On our way to LA, we find Peggy Sue's Diner in Barstow (and so do a hundred other people — people on their way to and from Las Vegas). The fifties-style diner's menu features all the classic diner plates you'd expect, plus a couple of new ones. We couldn't resist one in particular — wedges of dill pickle dipped in batter and deep fried, served with ranch dressing. I blistered my palate but it was so worth it.

When we finally hit LA and shifted from the "Southern California" page of my atlas to the "Greater Los Angeles" page, the scale took me totally by surprise. I can't quite believe how massive the city is — we drove the distance from Montreal to St.

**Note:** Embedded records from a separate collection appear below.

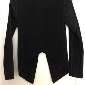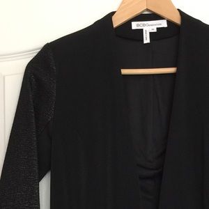 Like new BCBGeneration draped front jacket/blazer with metallic sleeves in XSmall. Only worn once and very briefly. DETAILS: shine from office to after hours in this sparkling blazer that features long sleeves with a touch of metallic. Open silhouette, long metallic sleeves, zip front pockets, lined.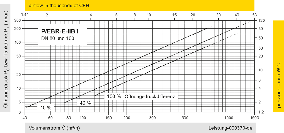 Diese Volumenstromdiagramme sind mit einer kalibrierten und TÜV-zertifizierten Strömungsmessanlage ermittelt worden. Der Volumenstrom V in m³/h bezieht sich auf den technischen Normzustand von Luft nach ISO 6358 (20°C, 1bar). Umrechnung auf andere Dichte und Temperatur siehe Kap. 1: Technische Grundlagen.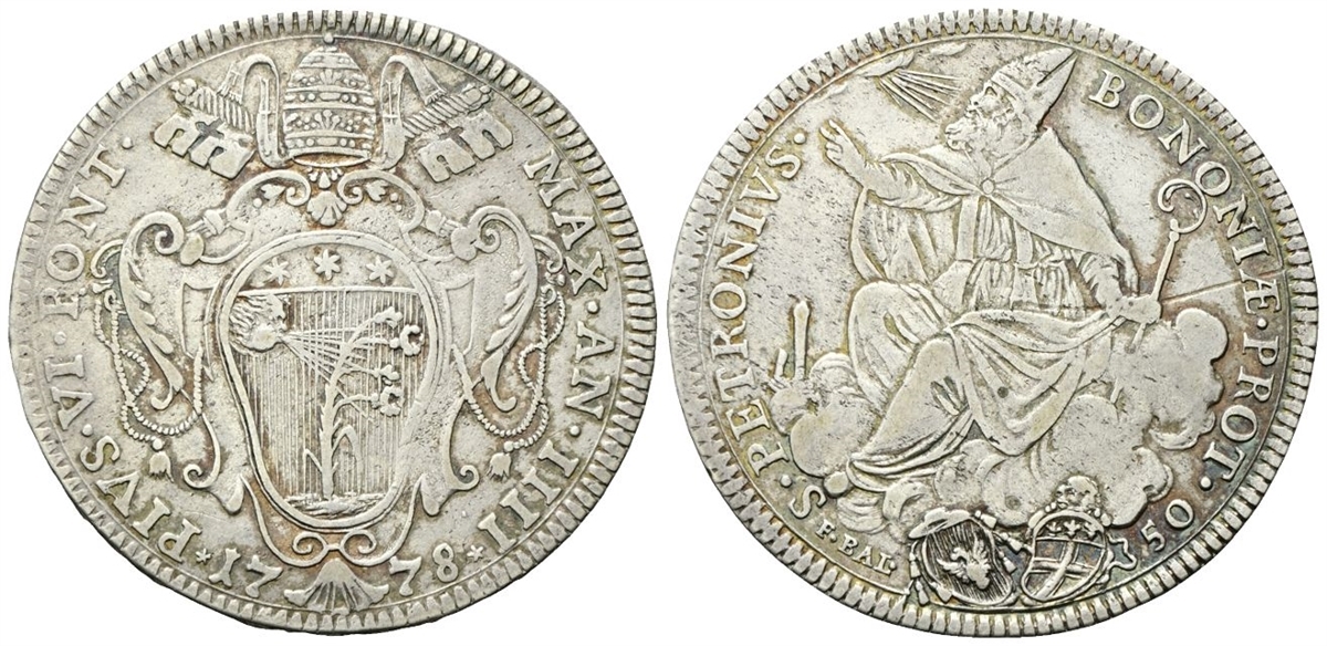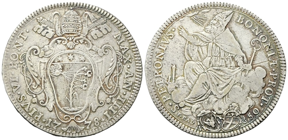 Dr. ★PIVS• VI• PON• - MAX• AN•IIII★. Stemma ovale in cornice sormontato da triregno e chiavi decussate. Rv. S PETRONIVS • - BONONIAE PROT•. San Petronio seduto verso s. su nubi; a s., le due torri; sotto, armetta Boncompagni e armetta di Bologna su croce.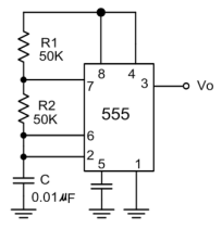 124. 下圖 IC 555 組成的方波振盪電路,其輸出信號的工作週期為下列何者?

Sauveur and were still nowhere near the other side of town. I'd expected LA to be full of flat, wide, treeless streets and detached bungalows. Instead, the parts of the city we were hanging out in were as green as could be, settled into folds of canyons. Seeing the addresses painted on the curb brought back flashbacks of a dozen childhood shows. We drove into Glendale where Steve and Kim live with their two girls. Glendale is a pretty neighbourhood of tidy little forties bungalows interspersed with designer modern homes. The roads are so winding and steep that every window frames a pretty view of rooftops or greenery. Steve and Kim's house is something out of Leave it to Beaver, white picket fences in a perfect green lawn under a round-leafed shade tree with a white tree swing, all of it framed by the window over the kitchen sink. What is it about watching your kids on a tree swing with your hands in a sink full of dirty dishes that makes you feel like a real MOM. Where's my apron?! The interior of the house is wallpaper from the sixties, gingham curtains, blue and white porcelain spice rack. The back yard has a pretty little patio and steps up to the secret garden and the trampoline. It's the first time since Chiapas that we've seen trees in leaf. The garden is lush, roses blooming all around us. It is so nice to not drive for a while, to hang out with some good, old friends and just shoot the shit. Our girls and their girls pull out the Barbies and Polly Pockets and pick up where they left off this summer. Henri dives into his new Beatles' book and tries to stay out of their way. The weather is crap, cold and rainy but the attraction to LA is IN the house as far as we're concerned so we're happy as clams.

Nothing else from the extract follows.